Zolotarjova et al., demonstrated depletion on the multiple affinity removal system (Human-14, Agilent), followed by fractionation of flow-through proteins on reversed-phase column (mRP-C18, Agilent) [14]. Shen et al., introduced the concept of protein digestion performed directly after the depletion, i.e., without fractionation at the intact protein level [15]. The resulting peptide mixture was submitted for exhaustive multidimensional LC separations (“MudPit”) [16]. Immunoaffinity depletion with the ProteomeLab™ (IgY-12, Sigma) has also been demonstrated. Second and third dimension separations of the enriched proteome were performed on the platform utilizing 2D isoelectric focusing and RP-HPLC. Jones et al., recently reported a comparison of plasma proteomics following immunodepletion comparing a range of state of the art mass spectrometers and suggest some potential future improvements in both LC and MS performance [17].

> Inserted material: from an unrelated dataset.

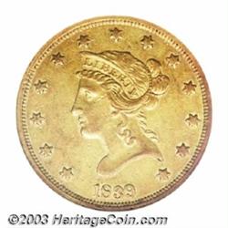 <table><tr><td><TABLE cellSpacing=0 cellPadding=0 width="100%" bgColor=#000000 border=0><TBODY> <TR><TD width="100%"><TABLE cellSpacing=1 cellPadding=3 width="100%" border=0><TBODY><TR><TD width="100%" bgColor=#79735c><FONT face=arial color=#ffffff size=3><B>Description</B> </FONT></TD></TR><TR><TD width="100%" bgColor=#ffffff><FONT face=arial size=2><B>1839 $10 Type of 1838, Large Letters XF45 NGC.</B></I> Only 25,801 pieces were produced of this distinctive type, known as the "Old Portrait" type among collectors of previous generations, and examples are seldom seen any finer than the example here offered. This example displays distinctive, original rose-orange toning over surfaces that display light wear over the highpoints but relatively few abrasions for the grade. An attractive example that will likely soon repose in an appreciative specialists collection. </FONT></TD></TR></TBODY></TABLE></TD></TR></TBODY></TABLE><BR><A name=PricesRealized></A><TABLE cellSpacing=0 cellPadding=0 width="100%" bgColor=#000000 border=0><TBODY><TR><TD width="100%"><TABLE cellSpacing=1 cellPadding=3 width="100%" border=0><TBODY><TR><TD width="100%" bgColor=#79735c><A name=PR><FONT face=arial color=#ffffff size=3><B>Previous Prices from Heritage Auctions</B> </FONT></A></TD></TR><TR><TD bgColor=#f6f6ed><TABLE cellSpacing=0 cellPadding=0 width="100%" border=1><TBODY><TR><TD align=middle width="33%"><B>Date</B></TD><TD align=middle width="33%"><B>Service</B></TD><TD align=middle width="33%"><B>Price</B></TD></TR><TR bgColor=whitesmoke><TD width="33%"><B>01/10/1998</B></TD><TD width="33%">NGC</TD><TD width="33%">$1,725.00</TD></TR><TR bgColor=whitesmoke><TD width="33%"><B>01/11/1997</B></TD><TD width="33%">NGC</TD><TD width="33%">$1,840.00</TD></TR><TR bgColor=whitesmoke><TD width="33%"><B>02/01/1997</B></TD><TD width="33%">ANACS</TD><TD width="33%">$2,420.00</TD></TR></TBODY></TABLE></TD></TR><TR><TD bgColor=#ffffff><FONT face=arial size=1 ?>PLEASE NOTE: All prices realized reflect the final hammer price PLUS the buyer's premium in auctions that charge a buyer's premium. Each item has a notation at the top of the listing indicating whether that lot included a buyer's premium. Example: A item that sells with a final hammer price of $100 and a 20% buyer's premium will display with a price realized of $120. All information listed is intended to be as accurate as possible, but errors are possible. Please use this guide carefully and inform us of any inaccuracies. </FONT></TD></TR></TBODY></TABLE></TD></TR></TBODY></TABLE><BR><TABLE cellSpacing=0 cellPadding=0 width="100%" bgColor=#000000 border=0><TBODY><TR><TD width="100%"><TABLE cellSpacing=1 cellPadding=3 width="100%" border=0><TBODY><TR><TD width="100%" bgColor=#79735c colSpan=6><FONT face=arial color=#ffffff size=3><B>Price Guide*</B> </FONT></TD></TR><TR bgColor=#f6f6ed><TD align=middle><B>Grade</B> </TD><TD align=middle><B>Coin World<BR>(Trends)</B> </TD><TD align=middle><B>Numismedia<BR>Retail</B> </TD><TD align=middle><B>Numismedia<BR>Wholesale</B> </TD><TD align=middle><B>Coin<BR>Universe</B> </TD><TD align=middle><B>Heritage<BR>Value Index</B> </TD></TR><TR bgColor=#ffffff><TD align=middle>40</TD><TD align=right>$1,850.00</TD><TD align=right>---</TD><TD align=right>$1,725.00</TD><TD align=right>$1,950.00</TD><TD align=right>$1,314.17</TD></TR><TR style="FONT-WEIGHT: bold" bgColor=#cccfdd><TD align=middle>45</TD><TD align=right>$3,000.00</TD><TD align=right>---</TD><TD align=right>---</TD><TD align=right>---</TD><TD align=right>$2,357.08</TD></TR><TR bgColor=#ffffff><TD align=middle>50</TD><TD align=right>$4,950.00</TD><TD align=right>---</TD><TD align=right>$3,675.00</TD><TD align=right>---</TD><TD align=right>$3,586.67</TD></TR><TR bgColor=#ffffff><TD colSpan=6><FONT size=1>*All information listed is intended to be as accurate as possible, but errors are possible. No item may be returned or refused based on this information which is provided as a service to our customers. You should contact each pricing source directly to determine the accuracy of this information. </FONT></TD></TR></TBODY></TABLE></TD></TR></TBODY></TABLE><BR><TABLE cellSpacing=0 cellPadding=0 width="100%" bgColor=#000000 border=0><TBODY><TR><TD width="100%"><TABLE cellSpacing=1 cellPadding=3 width="100%" border=0><TBODY><TR><TD width="100%" bgColor=#79735c><FONT face=arial color=#ffffff size=3><B>Population Guide</B> </FONT></TD></TR><TR bgColor=#ffffff><TD align=middle><!-- Begin Output of Population Grid--><TABLE cellSpacing=0 cellPadding=0 width="100%" border=0><TBODY><TR><TD vAlign=center><TABLE cellSpacing=0 width="100%" border=1 cellsadding="3"><TBODY><TR><TD vAlign=center><TABLE cellSpacing=0 cellPadding=3 width="100%" border=1><TBODY><TR><TD vAlign=center align=middle bgColor=#f0f1e8 colSpan=2 <CENTER><FONT face=Arial size=2><B>PCGS Pop </B></FONT><CENTER></CENTER></TD><TD vAlign=center align=middle bgColor=#f0f1e8 colSpan=2><CENTER><FONT face=Arial size=2><B>NGC Pop</B></CENTER></FONT></TD></TR><TR><TD vAlign=center><FONT face=Arial size=2>(45)</FONT> </TD><TD vAlign=center align=right><FONT face=Arial size=2>19</FONT> </TD><TD vAlign=center><FONT face=Arial size=2>(45)</FONT> </TD><TD vAlign=center align=right><FONT face=Arial size=2>25</FONT> </TD></TR><TR><TD vAlign=center><FONT face=Arial size=2>(>45)</FONT> </TD><TD vAlign=center align=right><FONT face=Arial size=2>45</FONT> </TD><TD vAlign=center><FONT face=Arial size=2>(>45)</FONT> </TD><TD vAlign=center align=right><FONT face=Arial size=2>60</FONT> </TD></TR></TBODY></TABLE></TD></TR></TBODY></TABLE></TD></TR></TBODY></TABLE><!-- End Output of Population Grid--></TD></TR></TBODY></TABLE></TD></TR></TBODY></TABLE><BR><TABLE cellSpacing=0 cellPadding=0 width="100%" bgColor=#000000 border=0><TBODY><TR> Important notice: Heritage usually auctions material at the rate of 200-250 lots per hour. On some occasions eBay Live bid software or the Internet may not be able to keep up with the pace of the auction. We recommend

Jmeian et al., have described a novel LC system enabling capture of proteins from the depletion via a reversed phase material optimized for injections of circa 25 µL plasma [18]. In a subsequent paper he further refined the methodology, employing tandem affinity columns for the depletion and fractionation of low-abundance plasma proteins by tandem immobilized metal-ion affinity chromatography columns and capture on reversed phase (RP) column [19]. Pan et al. reported a combination of pre-digestion RP chromatography and post-digestion cation exchange to characterize the human plasma proteome in patients with pancreatic cancer and chronic pancreatitis [20]. An alternative automated setup, that combines an immuno-depletion step, protein capture on trap and subsequent RP protein fractionation, is described by Cellar et al., [21]. The chromatography system was successfully scaled to deplete/fractionate circa 40 µL plasma. A limitation however was that this methodology is not compatible with on trap derivatization of proteins. In addition, the material of the trap, a silica particle based stationary phase, is not generally compatible with harsh derivatization solvents. One option to overcome this caveat is an on-line multidimensional system, consisting of a pH gradient on strong anion exchange chromatography of native proteins in the first dimension, subsequent trapping and on-column reduction/alkylation on C4 trap columns and reverse phase separation of the alkylated proteins in the second dimension, followed by on-column tryptic digestion and electrospray MS detection. In the future, advanced mass spectrometric techniques, such as parallel reaction monitoring (PRM) and SWATH, offer real promise for increased plasma proteomic analysis [22,23,24].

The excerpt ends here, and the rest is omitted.